_Exercise prompt_
All pictures are to be excluded when the data below is output verbatim.
(Beginning of Available data)
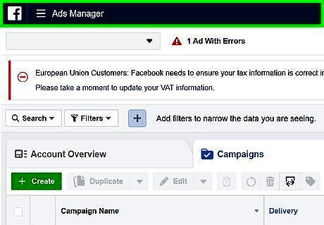 This wikiHow teaches you how to create ads on Facebook. You can use Facebook ads to boost a post, promote a Facebook page or external website, as well as create a form to help you get leads. Before you create a Facebook ad, you need to create a new ad campaign from Facebook's ad manager page.
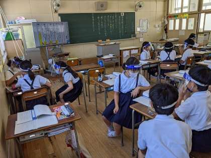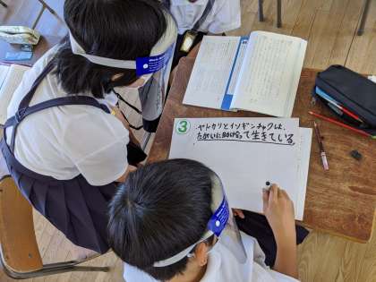 『ヤドカリとイソギンチャク』の学習で、グループの人数も3人と少なくして、フェイスシールドをつけて、「筆者が伝えたいことはなんだったのか」を話し合いをしました。大きな声を出さずに話をすると、どうしても額を寄せ合うようになってしまいます。そこでフェイスシールドの出番です。
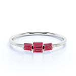 Dainty Trio Stone 0.75 Carat Baguette Cut Ruby and Vintage Stackable Ring Band in White Gold
(End of Available data)
_Exercise response_
 This wikiHow teaches you how to create ads on Facebook. You can use Facebook ads to boost a post, promote a Facebook page or external website, as well as create a form to help you get leads. Before you create a Facebook ad, you need to create a new ad campaign from Facebook's ad manager page.
 『ヤドカリとイソギンチャク』の学習で、グループの人数も3人と少なくして、フェイスシールドをつけて、「筆者が伝えたいことはなんだったのか」を話し合いをしました。大きな声を出さずに話をすると、どうしても額を寄せ合うようになってしまいます。そこでフェイスシールドの出番です。
 Dainty Trio Stone 0.75 Carat Baguette Cut Ruby and Vintage Stackable Ring Band in White Gold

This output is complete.